EXERCISE INSTRUCTIONS:
Using the data that follows, output only the lines from the line with "This makes way" up to and including the line with "10歳差兄弟のニイニとオトト", exactly, leaving pictures aside.

TASK MATERIAL:
::::::

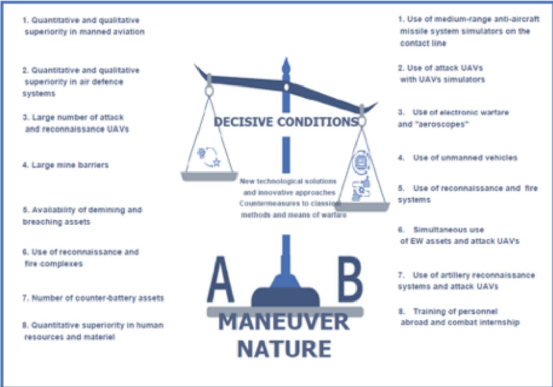 The need to avoid the transition to a positional form of hostilities, such as the "trench war" of 1914-1918, necessitates the search for new and non-trivial approaches to breaking the military parity with the enemy. The main idea of the way out of the current situation can be presented illustratively in the picture.
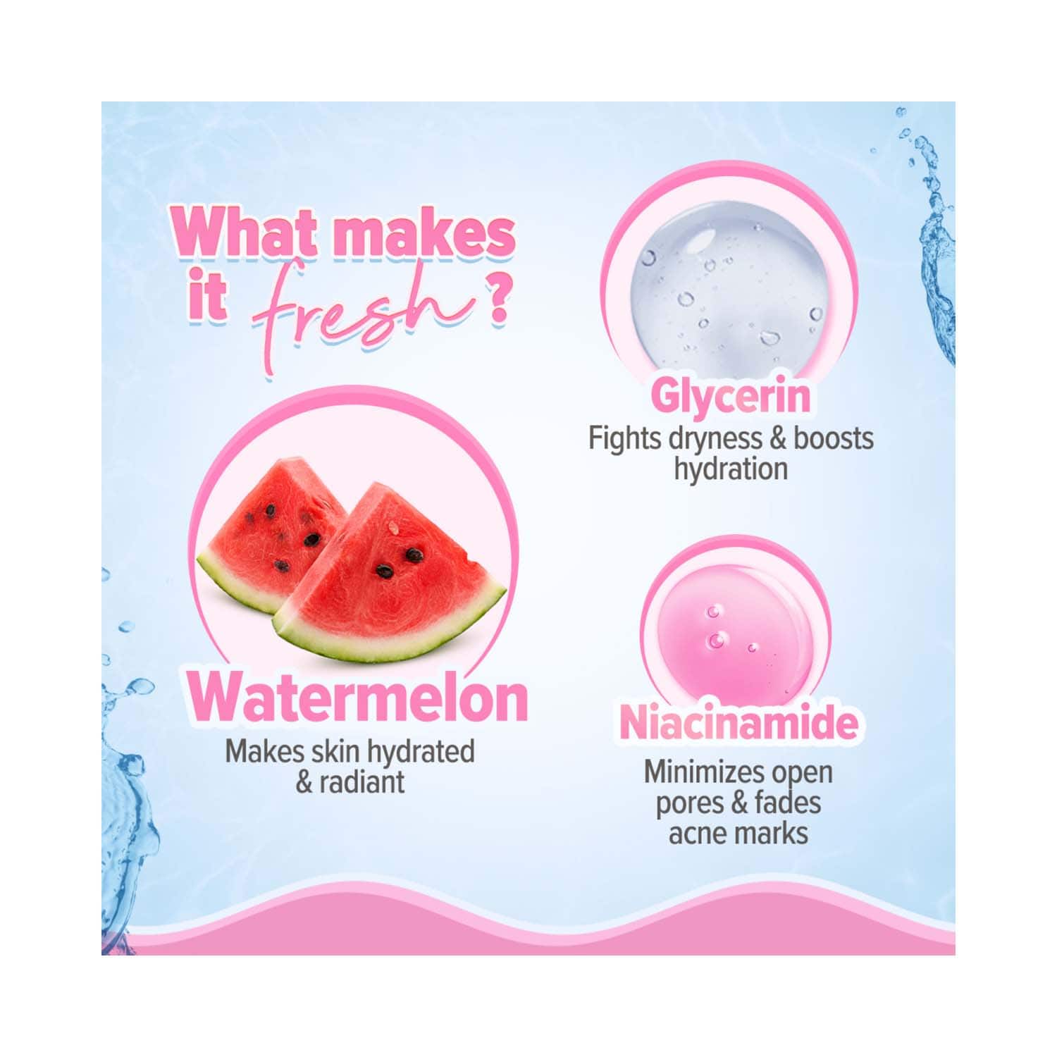 Key Ingredients:Hyaluronic acid: Retains moisture for longerNiacinamide: Fades blemishes and spotsWatermelon extracts: Brighten the skin
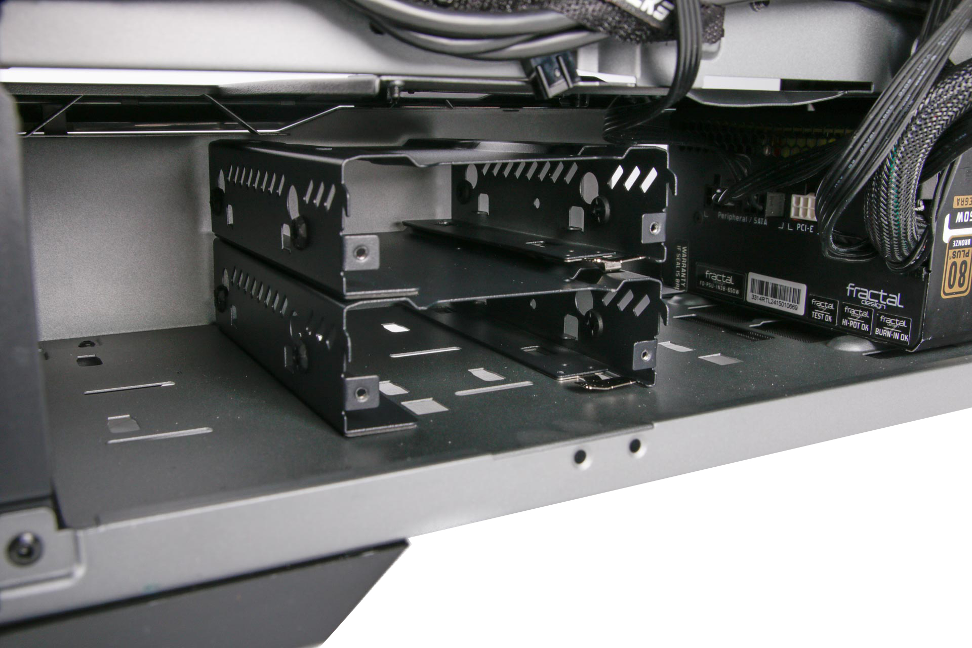 This makes way for the case's hard disk mounts, which come in the form of movable trays. Four trays are included as standard, and here they slot into small notches in the motherboard tray and are then secured using screws from the rear with space for six trays in this location.
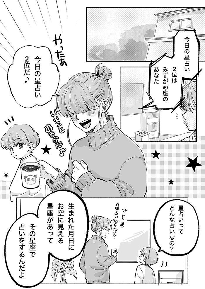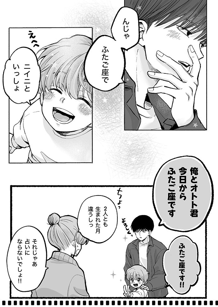 10歳差兄弟のニイニとオトト君。16歳のニイニは弟思いの優しいお兄ちゃんだけど、思春期まっただなかの高校生でもあり……。今回はオトト君の星占いのお話です。
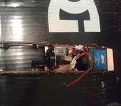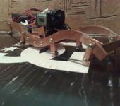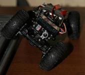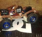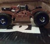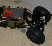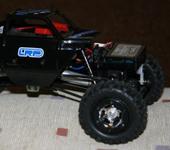 Мной были увеличены рычаги подвески (изготовлены из карбонового прутка), сделана новая легкая рама из миллиметрового текстолита (легче “родной” в два раза) и сдвинуты верхние точки крепления амортизаторов вовнутрь рамы, что здорово улучшило ход подвески. База увеличилась до 132 мм. Оба моста сделаны поворотными. Пружины укорочены на 5 витков и растянуты до 30 мм. Максимально укорочены все провода. В шины засыпаны шарики. Кузов сделан из родного (не пропадать же добру), да и собственно копийный кузов то делать не хотел т.к. это не стендовая модель и положение ЦТ при любом кузове здорово поднимается и происходит КУВЫРК, но супруга и ребенок настояли, “чего это у него провода торчат… и кабины нет, у всех есть , а него нет!”. Кстати, облегчение рамы позволило, без заметных ухудшений ползучести, поместить 1 банку на 850 мАч на верхнюю площадку рамы. Время веселой езды даже с учетом двух серв Hitec-65 MG - минут 40. При полной остановке ползуна (мотор не тянет совсем) напряжение на банке составляет более 3,65 вольт (мотор-отсечка однако). На двух банках ездить не понравилось - уж больно высокая максимальная скорость, а на пульте экспонент то нету, управлять лично мне не очень удобно: хочешь сдвинуться на сантиметр только дотронулся до курка, а он ка-а-а-к ломанется.
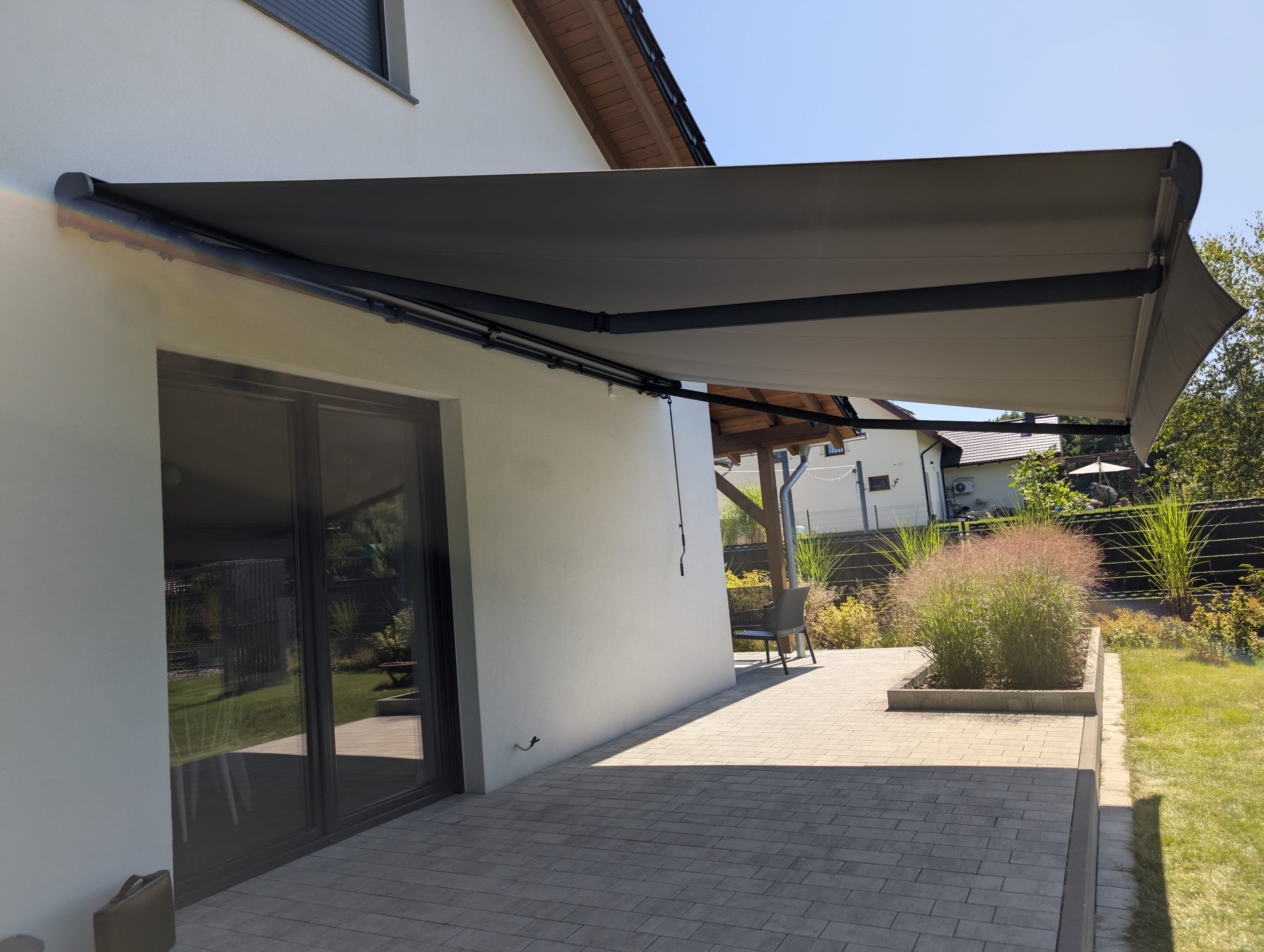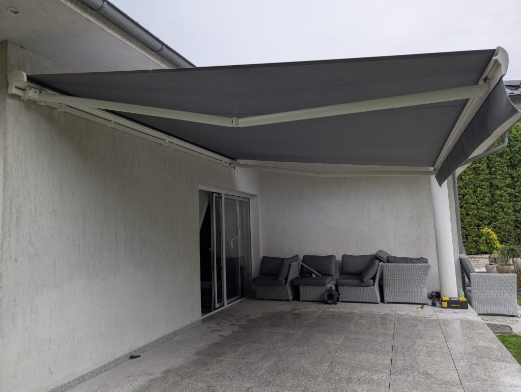 Oferujemy markizy dopasowane do każdej architektury – od klasycznych markiz tarasowych, przez ramienne, aż po systemy z napędem elektrycznym i czujnikami wiatru.

::::::

ANSWER BOX:
 This makes way for the case's hard disk mounts, which come in the form of movable trays. Four trays are included as standard, and here they slot into small notches in the motherboard tray and are then secured using screws from the rear with space for six trays in this location.
 10歳差兄弟のニイニとオトト君。16歳のニイニは弟思いの優しいお兄ちゃんだけど、思春期まっただなかの高校生でもあり……。今回はオトト君の星占いのお話です。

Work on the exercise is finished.